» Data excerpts
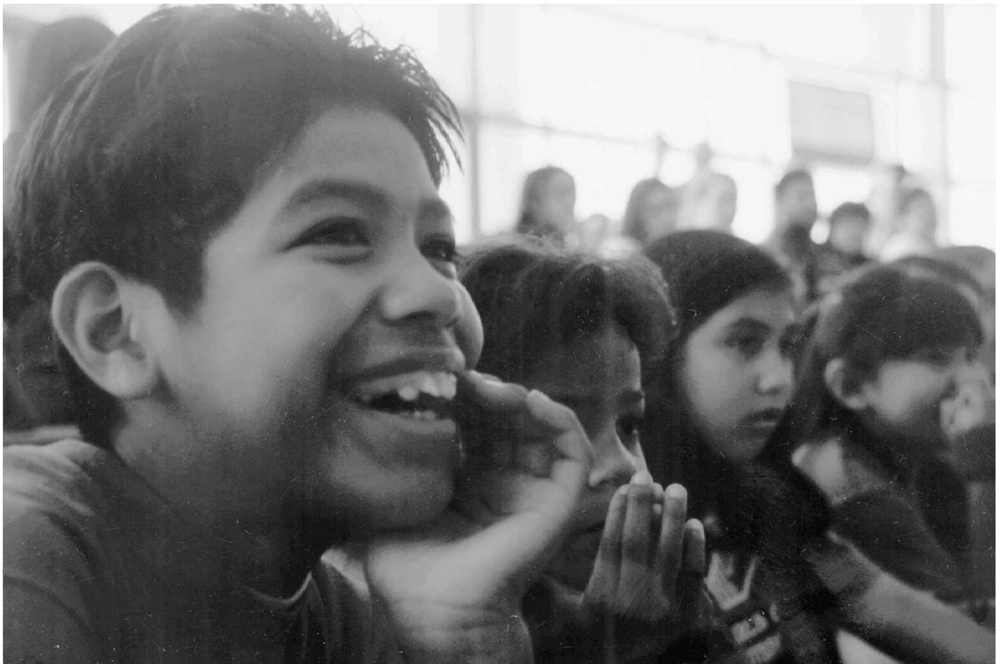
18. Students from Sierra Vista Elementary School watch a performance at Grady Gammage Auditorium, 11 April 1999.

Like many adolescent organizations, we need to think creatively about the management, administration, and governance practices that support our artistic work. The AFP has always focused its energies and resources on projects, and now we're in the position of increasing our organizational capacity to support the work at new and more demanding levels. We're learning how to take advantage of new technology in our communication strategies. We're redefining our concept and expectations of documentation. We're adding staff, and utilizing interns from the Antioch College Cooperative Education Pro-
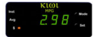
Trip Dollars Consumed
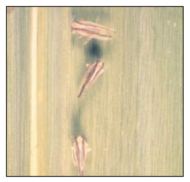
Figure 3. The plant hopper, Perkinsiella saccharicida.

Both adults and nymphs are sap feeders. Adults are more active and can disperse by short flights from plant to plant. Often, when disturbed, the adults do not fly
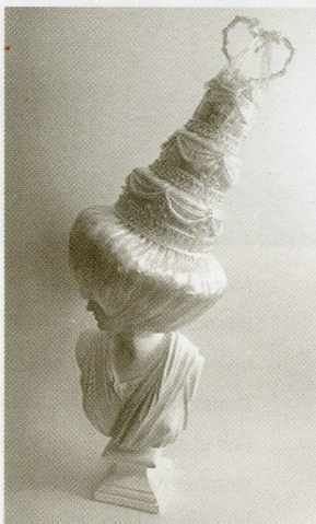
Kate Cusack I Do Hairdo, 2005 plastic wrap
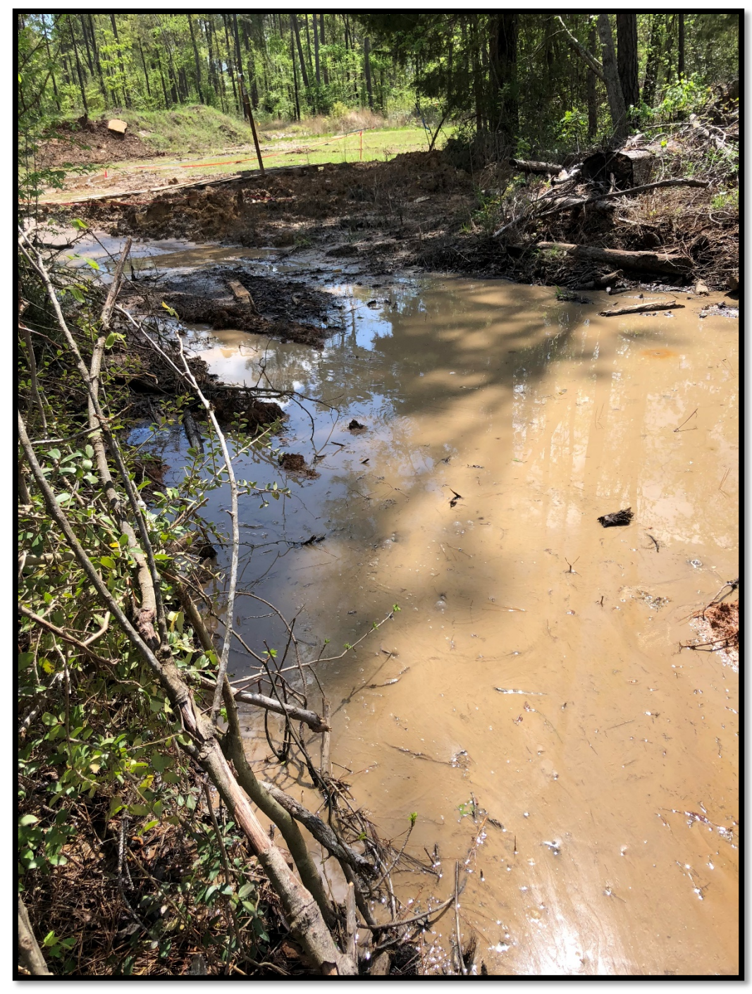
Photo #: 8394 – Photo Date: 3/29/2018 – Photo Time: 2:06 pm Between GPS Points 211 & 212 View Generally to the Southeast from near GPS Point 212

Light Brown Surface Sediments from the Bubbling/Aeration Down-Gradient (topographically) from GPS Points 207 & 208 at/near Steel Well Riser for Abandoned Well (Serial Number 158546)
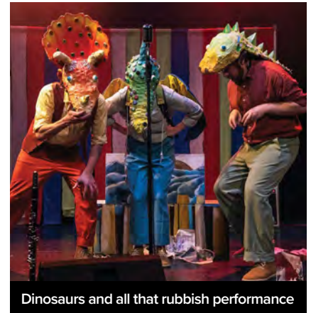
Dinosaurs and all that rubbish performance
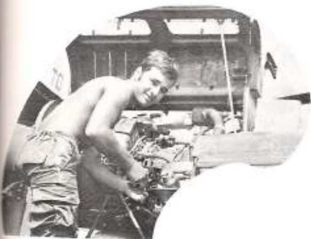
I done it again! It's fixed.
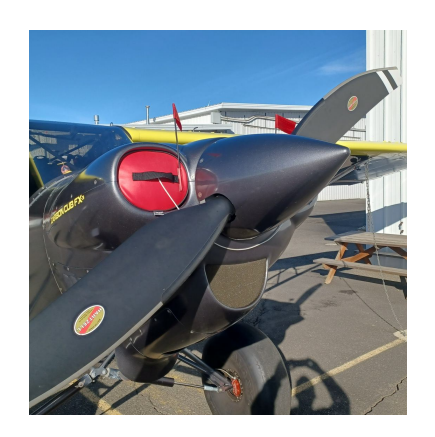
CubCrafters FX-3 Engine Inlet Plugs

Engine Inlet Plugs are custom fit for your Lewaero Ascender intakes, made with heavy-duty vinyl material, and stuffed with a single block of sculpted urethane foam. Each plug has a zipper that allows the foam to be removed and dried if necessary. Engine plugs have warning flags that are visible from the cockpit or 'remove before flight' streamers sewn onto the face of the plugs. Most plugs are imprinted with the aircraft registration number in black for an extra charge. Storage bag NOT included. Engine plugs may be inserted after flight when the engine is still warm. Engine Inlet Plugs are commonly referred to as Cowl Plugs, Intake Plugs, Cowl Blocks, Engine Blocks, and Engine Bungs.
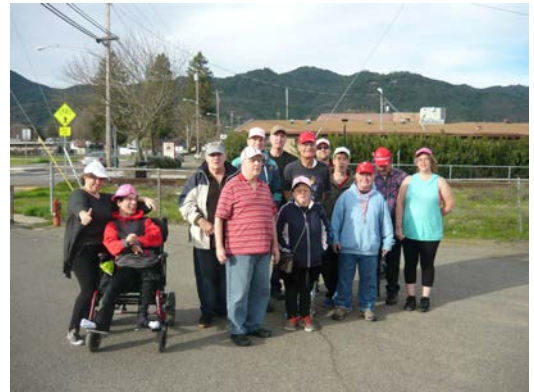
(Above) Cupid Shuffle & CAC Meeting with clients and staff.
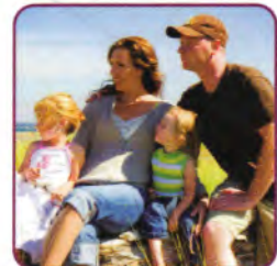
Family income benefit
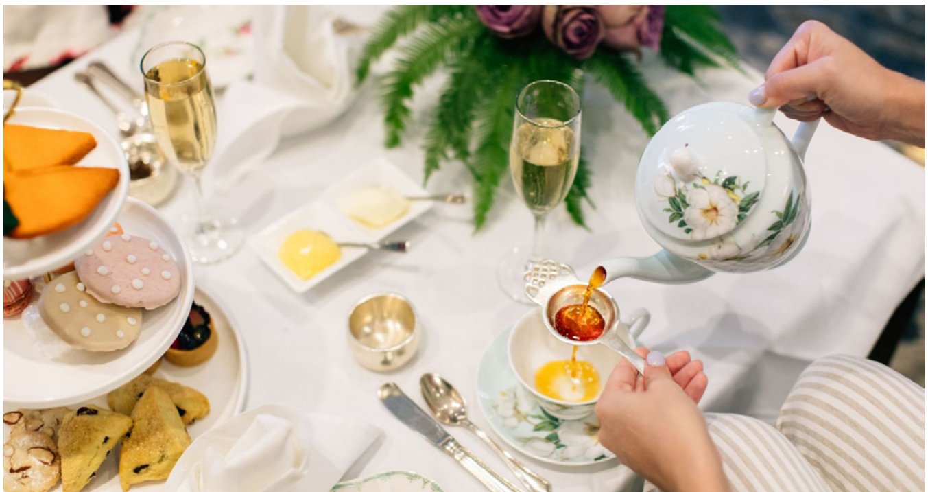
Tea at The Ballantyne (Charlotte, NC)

» Work task
Filter the entries above down to the lines containing the word "near".

» Completed exercise
Photo #: 8394 – Photo Date: 3/29/2018 – Photo Time: 2:06 pm Between GPS Points 211 & 212 View Generally to the Southeast from near GPS Point 212
Light Brown Surface Sediments from the Bubbling/Aeration Down-Gradient (topographically) from GPS Points 207 & 208 at/near Steel Well Riser for Abandoned Well (Serial Number 158546)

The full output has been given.